Боже мой, да что там может быть, одернула она себя и покраснела. И, тем не менее... Прекрати, Люси, приказала она себе. "Люси", так называл ее любовник, единственный. Он был воспитателем и сумел убедить ее, что окончательно порвал с алкоголем. Позже уже она сама пыталась удержать его от бутылки, напрасно. Только втянувшись в психологию, она убедилась, что они изначально не подходили друг другу. Определенно так и было. И все же она тосковала по мужчине и страдала. Иногда Люсии казалось, беда в том, что она просто слишком много знает. Что каждого мужчину видит насквозь. А все они были как один. Бездельники, эгоисты, движимые патологическим честолюбием, холерики и невротики. Почти для каждого находилось определение из "Руководства по психологии", тонкой брошюры с зеленым переплетом. Кто имелись еще? Ужасающие эротоманы, лысые эксгибиционисты. Из таких категорий складывалась общая картина. Люсия ощущала свое превосходство по отношению к каждому невежественному, грубому, небритому существу, и не только в этом учреждении. Нет, повсюду! Но могла ли она обходиться без них? Не жаждала ли она их? Этого, находящегося здесь парня. Определенно он агрессивен, подумала она о юном алкоголике.

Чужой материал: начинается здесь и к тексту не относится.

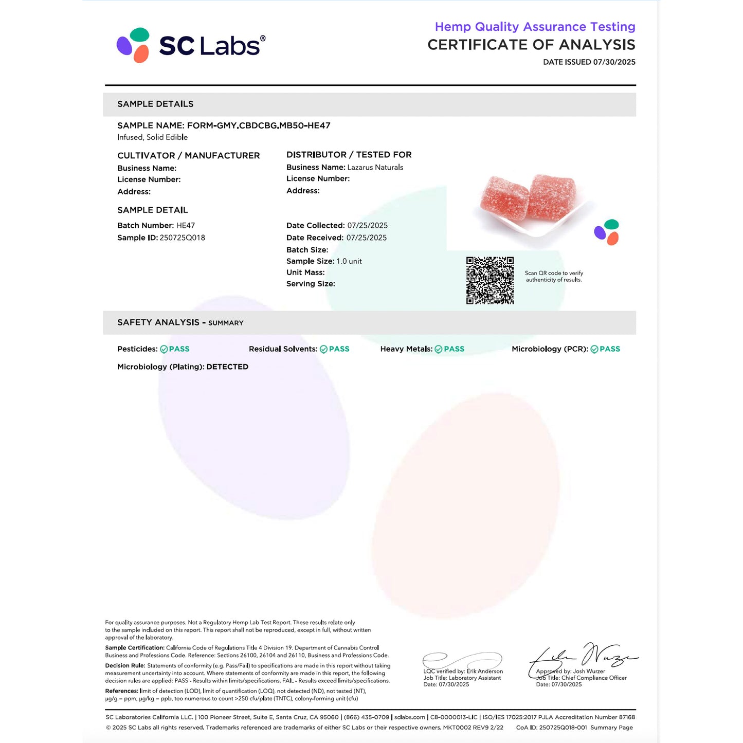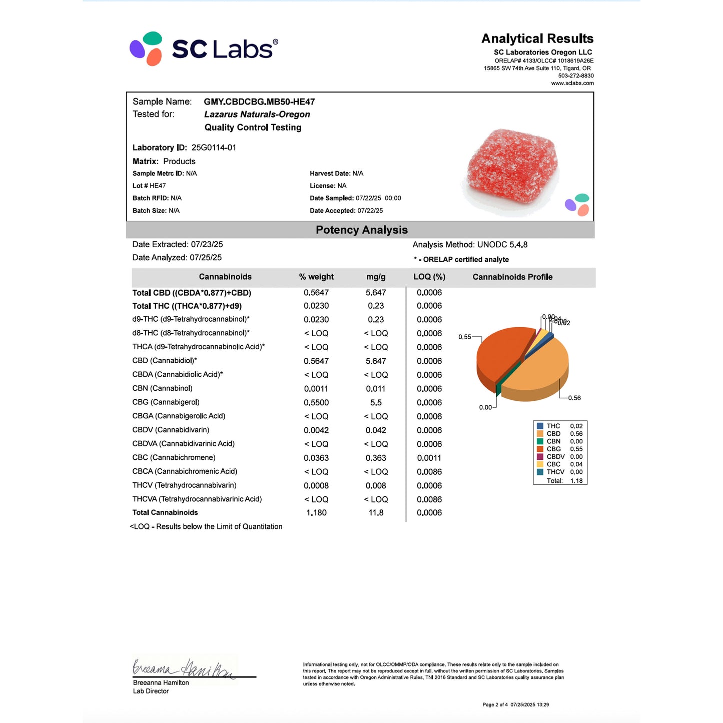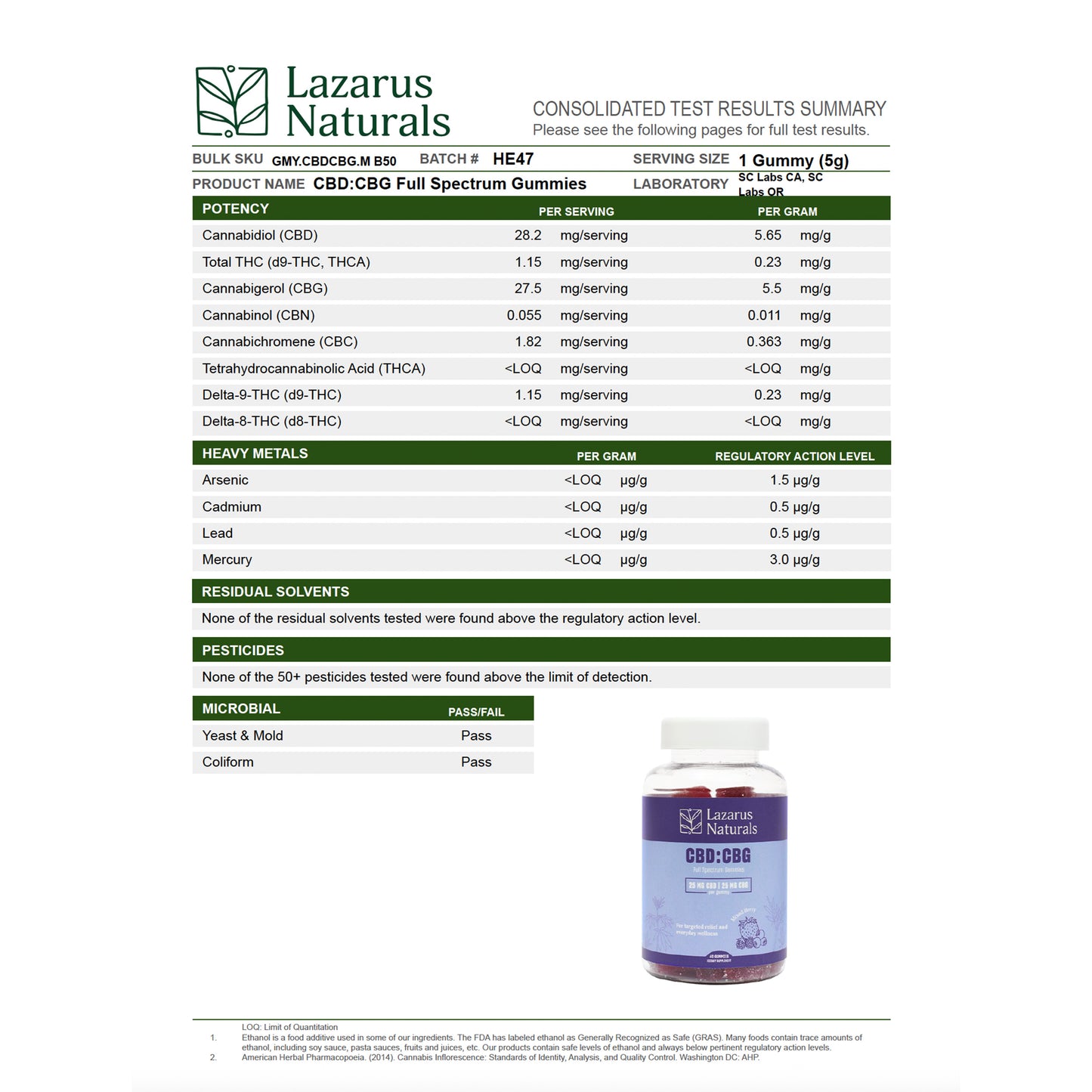 Lazarus Naturals | CBD + CBG Full Spectrum Gummies 50mg - 40ct

Лукас все еще рисовал. Люсия развлекалась наблюдая, как поднимаются и опадают при движениях головы его кудри. И снова покраснела.
А он как раз склонился к странице, чтобы лучше рассмотреть свой шедевр. Как ребенок. Явно он нарисовал крышу. Наконец, Люсия не смогла сдержаться и громко рассмеялась. Лукас удивленно поднял глаза.
- Рисуй, рисуй.
В своей скудной снимаемой квартире, Люсия иногда запиралась. Затем она раздевалась, и подробно рассматривала себя в большом зеркале. Иногда ходила голой весь вечер. Собственная нагота не пугала. А чужая может напугать, еще как! Летом, в парке лечебницы, когда безжалостно палило солнце, она едва не наступила на парочку, которая бесцеремонно занималась любовью: худой как щепка шизофреник и полная слабоумная из женского отделения. Он, увидев Люсию, мгновение поморгал глазами и затем еще более усердно продолжил свое занятие. Слабоумная тоже заметила ее, их взгляды встретились, но глаза девушки смотрели как бы сквозь.
Только позже Люсия осознала: бедняжка совершенно не понимала ни что подходило с нею, ни почему там стояла воспитательница. Люсии было нехорошо, будто наступила на змеиное гнездо. А еще психолог! Она не могла избавиться от вида обоих, переплетенные тела так и находились перед глазами, и в автобусе, и тогда, когда она уже лежала вытянувшись на прохладной простыне.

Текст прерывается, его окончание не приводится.